This recipe shows how to layer a conversational assistant on top of product and plan pages so visitors can choose with confidence.
Many regulated organizations publish accurate product and pricing information but still see visitors hesitate or choose poorly. Pages are dense, options depend on eligibility rules, and visitors often do not know where to start. A product discovery assistant addresses this by asking targeted questions, applying your rules, and then presenting a small set of suitable choices.
To make this work, configure a dedicated AI Skill for discovery. Inside the skill, define variables to capture what you would normally ask on a discovery call: segment, region, use_case, risk_profile, company_size, and urgency. The skill’s prompt flow should ask only for variables that are still empty, so simple visitors go through fewer steps while complex ones still provide enough detail.
To avoid hallucination, limit the assistant’s knowledge to trusted sources and a flat Topics taxonomy. Example Topics include Products, Pricing-basics, Eligibility, Risk-policies, and Use-cases. Tag relevant content under these single-layer Topics and instruct the skill to answer only from them, so it does not invent plans, features, or legal statements.
Once variables are set, the skill can apply product-fit logic. You can configure this either directly in the skill (conditional branches on variables) or via a small routing function that maps combinations like segment=SME, region=NL, risk_profile=low to a recommended subset of products. The skill then explains each suggestion in simple language and links to the right next step (quote, trial, portal signup).

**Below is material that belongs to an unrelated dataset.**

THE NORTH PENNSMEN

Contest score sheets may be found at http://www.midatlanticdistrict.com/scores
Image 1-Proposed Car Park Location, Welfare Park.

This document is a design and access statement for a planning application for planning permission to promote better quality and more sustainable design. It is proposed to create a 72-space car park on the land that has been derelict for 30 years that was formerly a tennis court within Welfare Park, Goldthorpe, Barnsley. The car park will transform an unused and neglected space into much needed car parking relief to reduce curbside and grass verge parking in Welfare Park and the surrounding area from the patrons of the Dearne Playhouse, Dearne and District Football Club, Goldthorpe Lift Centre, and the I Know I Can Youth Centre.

When the conversation reveals complexity or sensitivity—for example, risk_profile=high or unusual constraints—the skill should switch to escalation mode. In this mode, it captures additional notes into a variable like case_summary and creates an internal task for sales or success, including all variables and the AI-generated summary. You can also trigger an internal notification to a Slack or email channel so the right team sees high-value or tricky leads quickly.

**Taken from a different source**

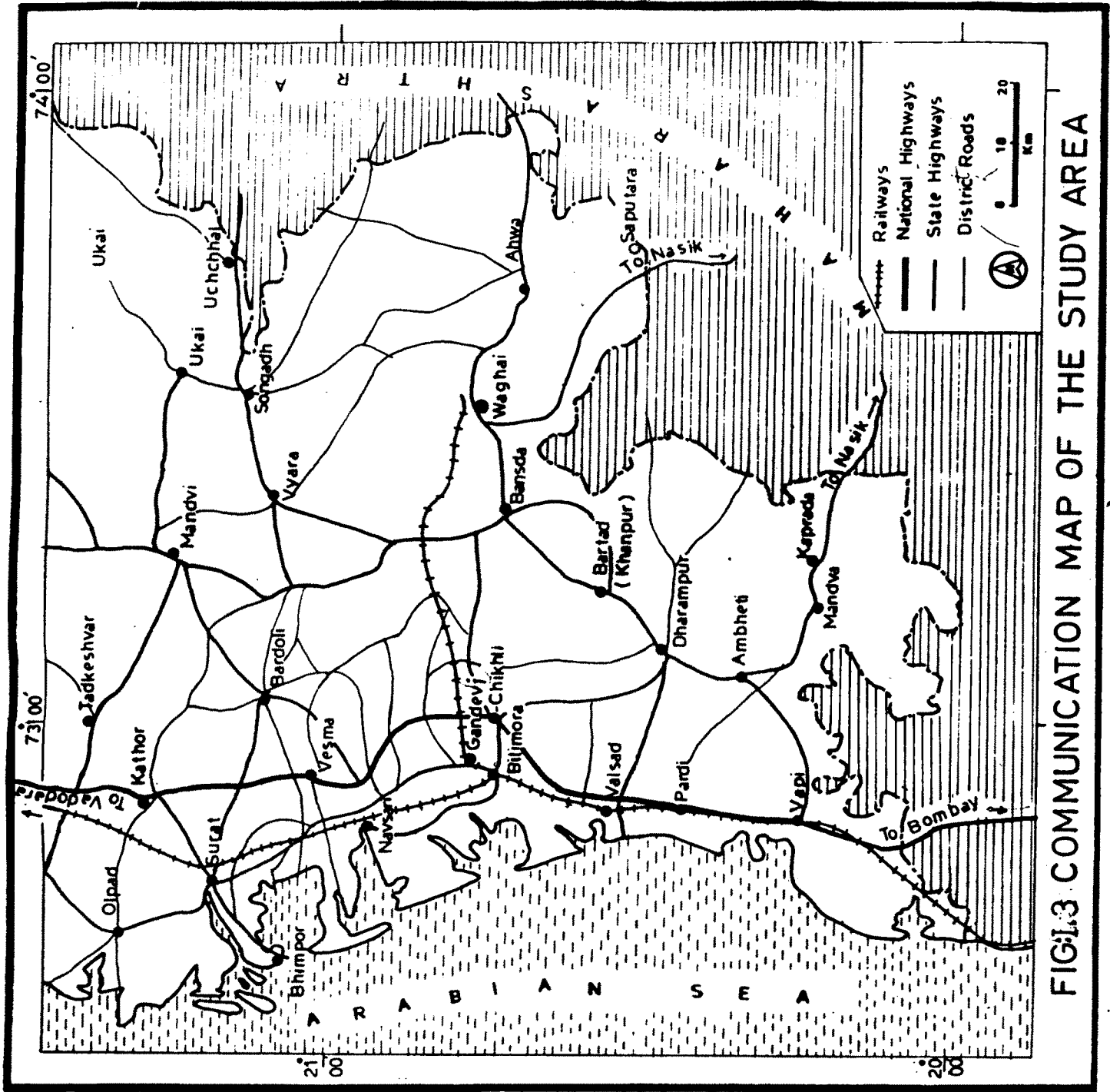
FIG:1.3 COMMUNICATION MAP OF THE STUDY AREA

The captured variables are also useful for audience segmentation. You can build segments such as “SME, EU, onboarding-focused” or “enterprise, multi-country, high-risk” and use them to show in-app notifications in your website or portal later on. For example, visitors who chose a “compliance” use case might see an in-app banner pointing to a policy explainer or demo video tailored to that topic.
Conclusion
An intelligent product discovery assistant makes complex product choices easier for visitors while respecting your rules and constraints. By using AI Skills with clearly defined variables, grounding answers in flat Topics, and routing complex cases to humans through tasks and notifications, it improves fit and provides useful data for later segmentation and in-app messaging.